(Records contained in a dataset)
=======

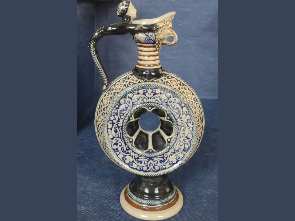 These jugs are deeply tied to the Rhineland region’s ceramic tradition and were exported across Europe. Because of their age, artistic design, and historical significance, these jugs are highly coveted by collectors, with market values often ranging in $1,000 for examples in top condition.
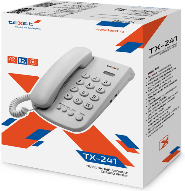 Проводной телефон ТХ-241 — это базовая модель линейки teXet с оптимальным набором функций. Модель представлена в светло-сером и черном цвете и будет уместна для использования и дома, и в офисе.
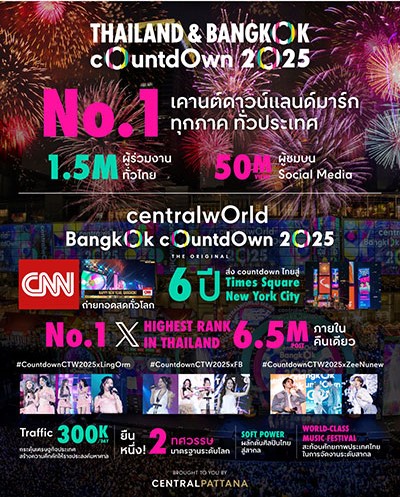 centralwOrld Bangkok Countdown 2025-The Original ประกาศศักดาไทยสู่สายตาชาวโลก ด้วยโปรดักชันดีที่สุดระดับโลก สุดอลังการ และบรรยากาศการเฉลิมฉลองระดับโลกที่จัดขึ้นที่ เซ็นทรัลเวิลด์-Times Square of Asia แลนด์มาร์กเคานต์ดาวน์ที่ยิ่งใหญ่ที่สุดของไทย ดึงดูดผู้เข้าร่วมงานกว่า 300,000 คน ที่เซ็นทรัลเวิลด์เพียงแห่งเดียว และทะลุ 1.5 ล้านคน ทั่วประเทศ นอกจากนี้ งานเคานต์ดาวน์ยังได้รับการถ่ายทอดสดไปทั่วโลกผ่าน CNN และจอ Times Square ที่มหานครนิวยอร์ก สะท้อนถึงศักยภาพของประเทศไทยในการจัดงานระดับสากลและสร้างโมเมนต์สำคัญในค่ำคืนข้ามปี มันส์จริง กระหึ่มจริง ฝีมือคนไทย ทุกองค์ประกอบ ตั้งแต่การออกแบบแสงสีเสียง ไปจนถึงการแสดงของศิลปินไทยกว่า 500 ชีวิต ทั่วประเทศ ตอกย้ำความเป็นมืออาชีพและมาตรฐานระดับโลก
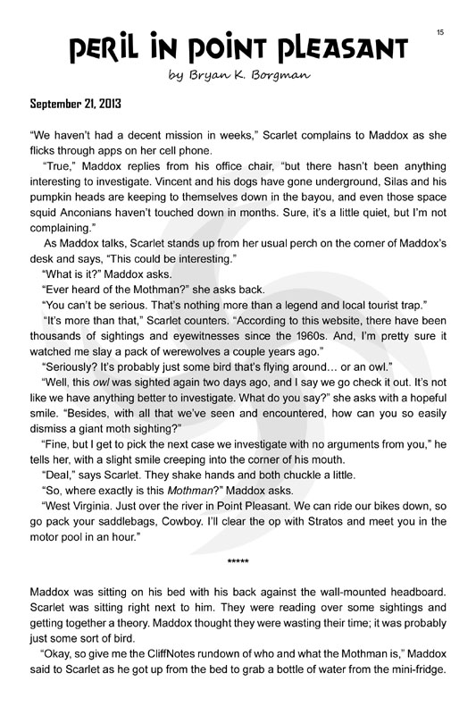 “These short stories encompass creepiness, creativity and nostalgic memories for me...There’s no break in the action from beginning to end... totally cool stuff from Mr. Borgman.” – Jeff Wamsley, author of Mothman: Behind the Red Eyes and curator of the world’s only Mothman Museum (mothmanmuseum.com)
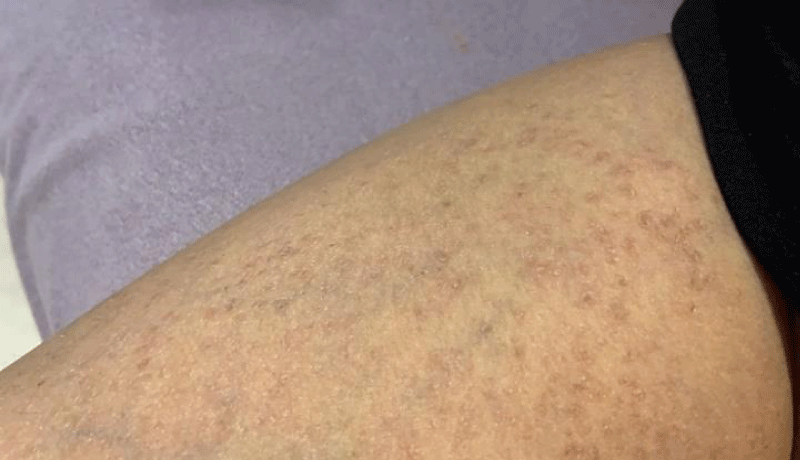 Figure 1: Multiple symmetrically distributed tiny erythematous scaly xerotic papules on the thigh.
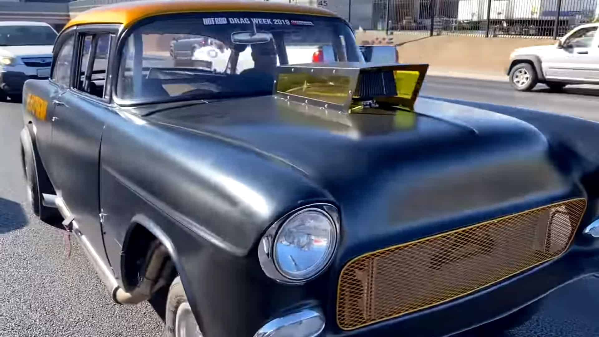 via Finnegan’s Garage ~ Finnigan, Cotten, and Newbern have spent last week in Vegas drag racing Blasphemi and now it’s time to move Blasphemi into the Motor Trend booth for The SEMA Show.
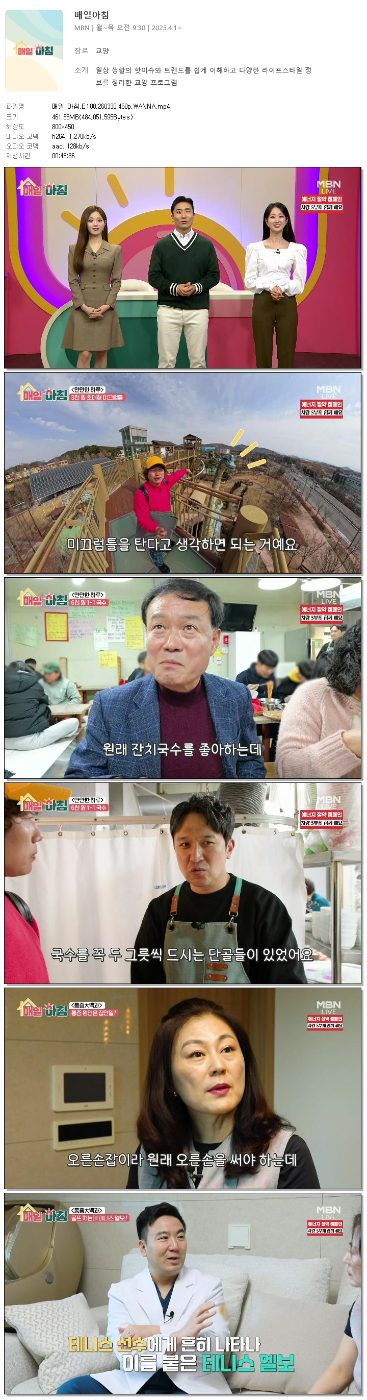 | [MBN] 매일 아침.E188.260330.450p.WANNA[한혜원, 이정수].mp4 | 461.6 M | 00:45:36 | 800x450 |
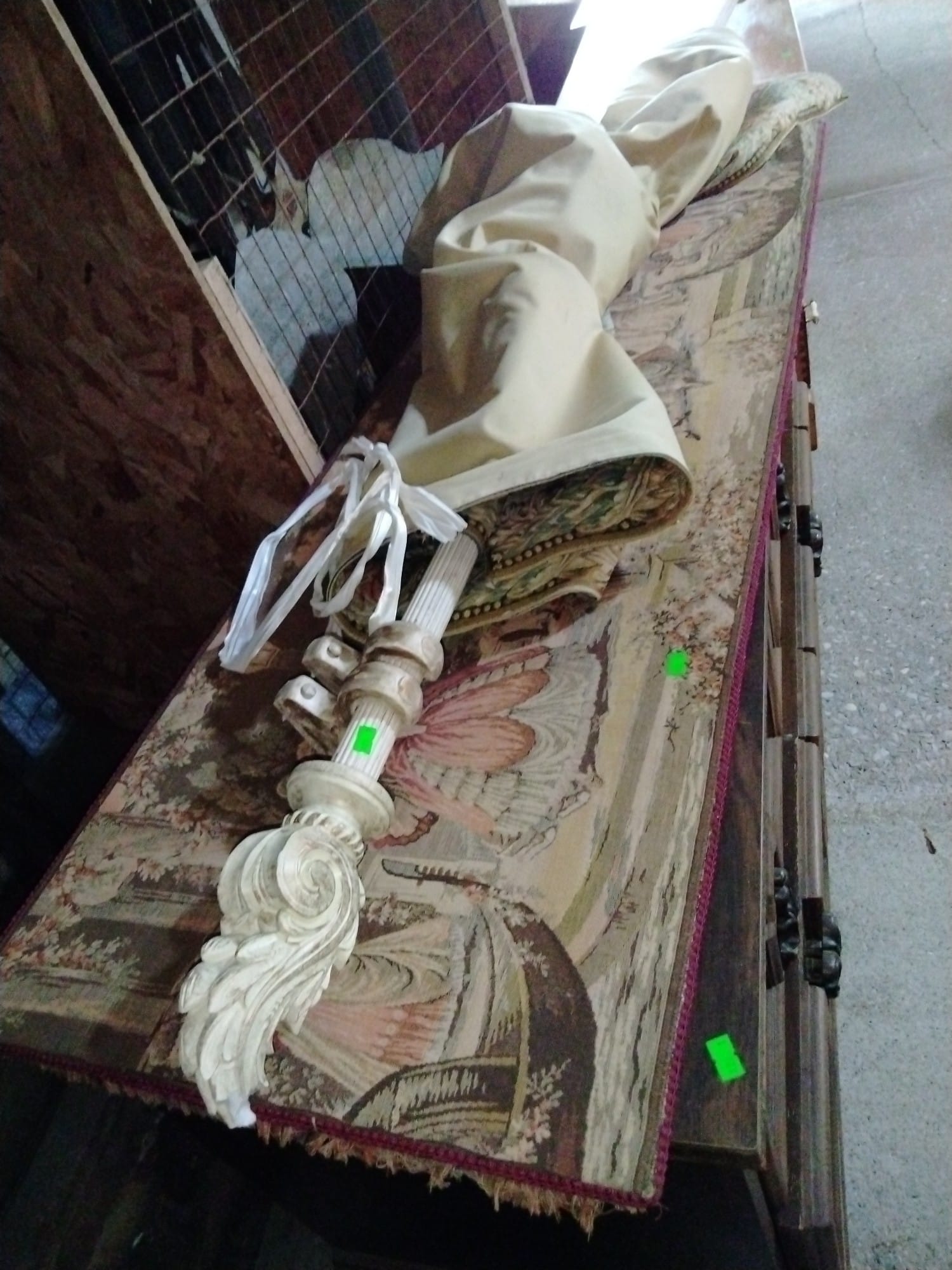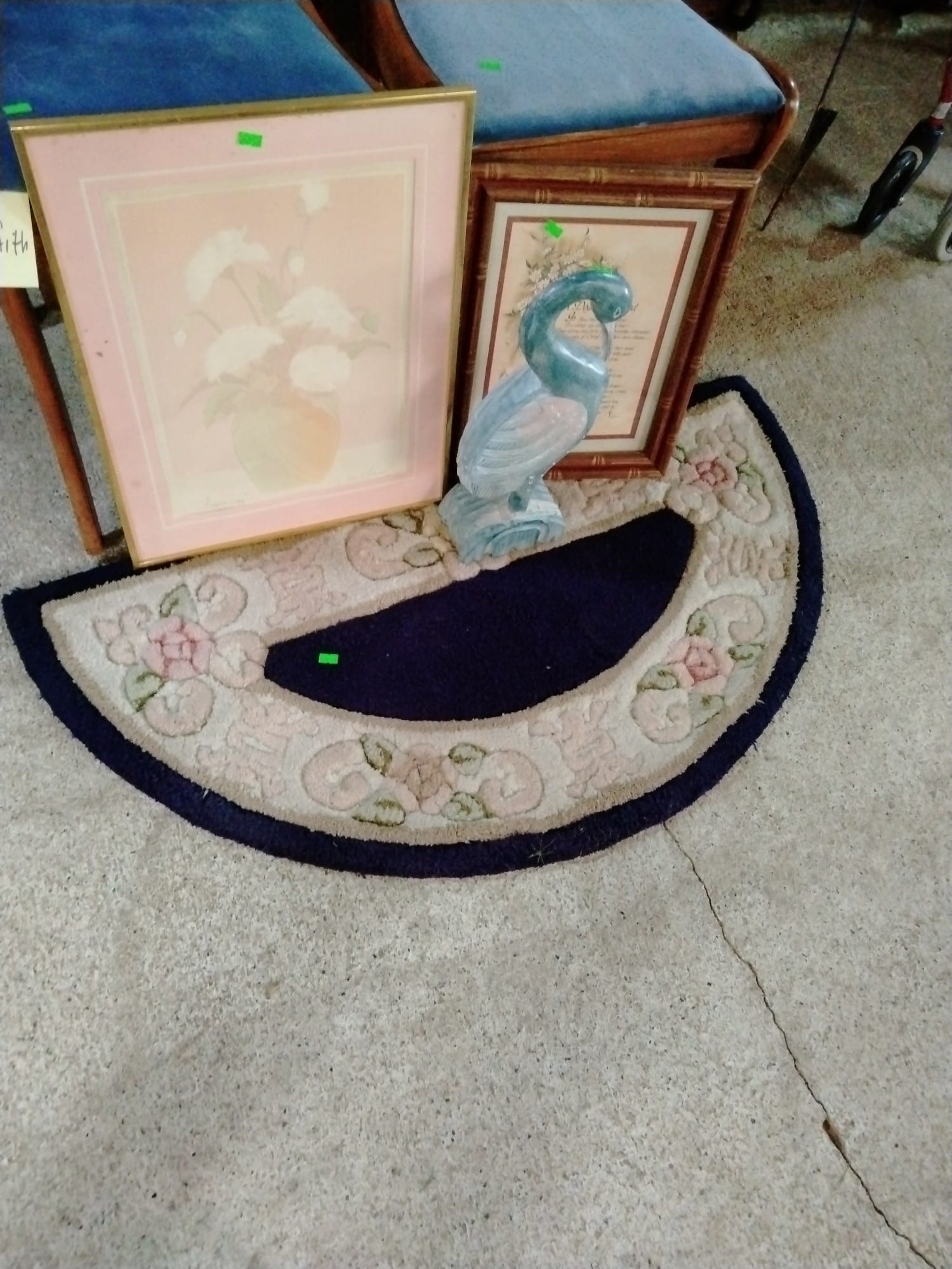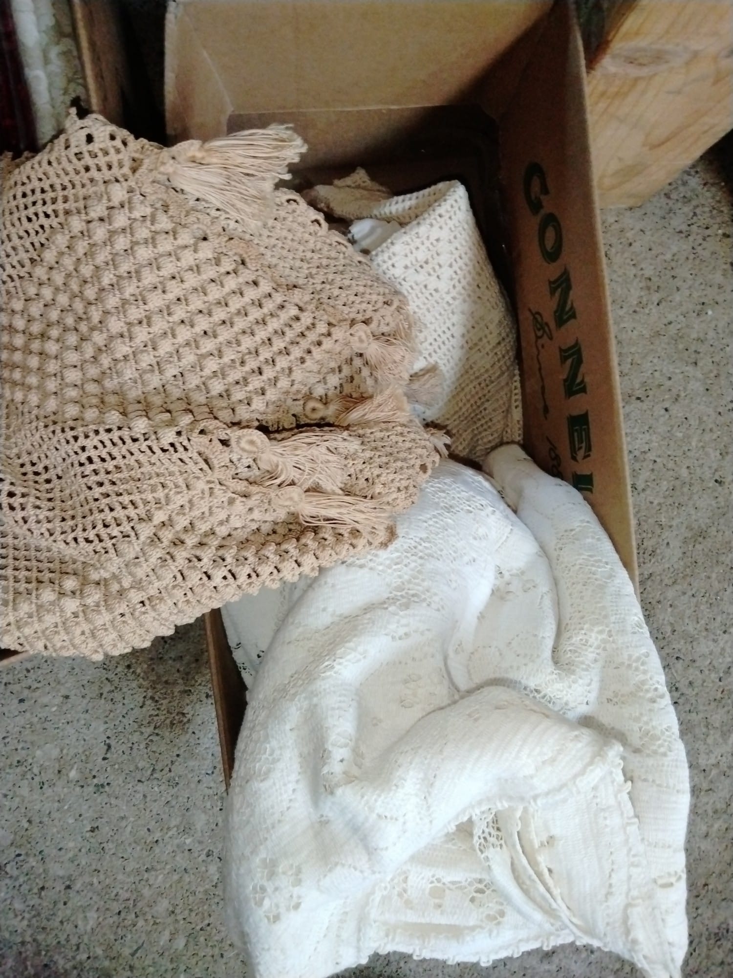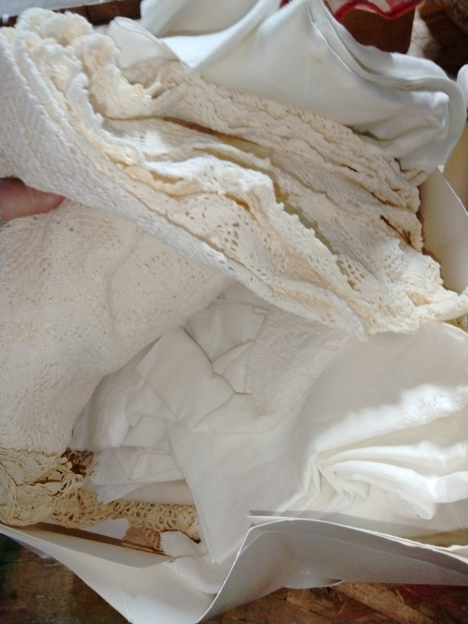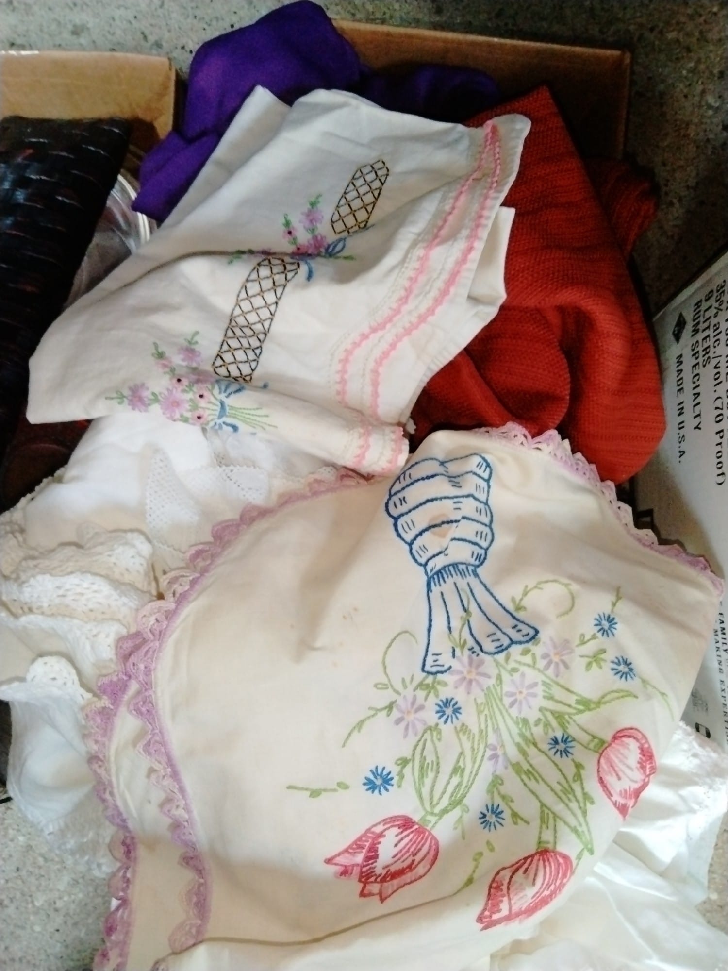 104 Teacups and saucers, Christmas whirly gig, Williamsburg plates, carnival glass bowl with chips, amber bowl, black hobnail dish

=======

• **To do**: Return word for word the line bearing "via Finnegan’s Garage" and every later line of the entries, but none of the pictures.

• **Output of the exercise**:
 via Finnegan’s Garage ~ Finnigan, Cotten, and Newbern have spent last week in Vegas drag racing Blasphemi and now it’s time to move Blasphemi into the Motor Trend booth for The SEMA Show.
 | [MBN] 매일 아침.E188.260330.450p.WANNA[한혜원, 이정수].mp4 | 461.6 M | 00:45:36 | 800x450 |
 104 Teacups and saucers, Christmas whirly gig, Williamsburg plates, carnival glass bowl with chips, amber bowl, black hobnail dish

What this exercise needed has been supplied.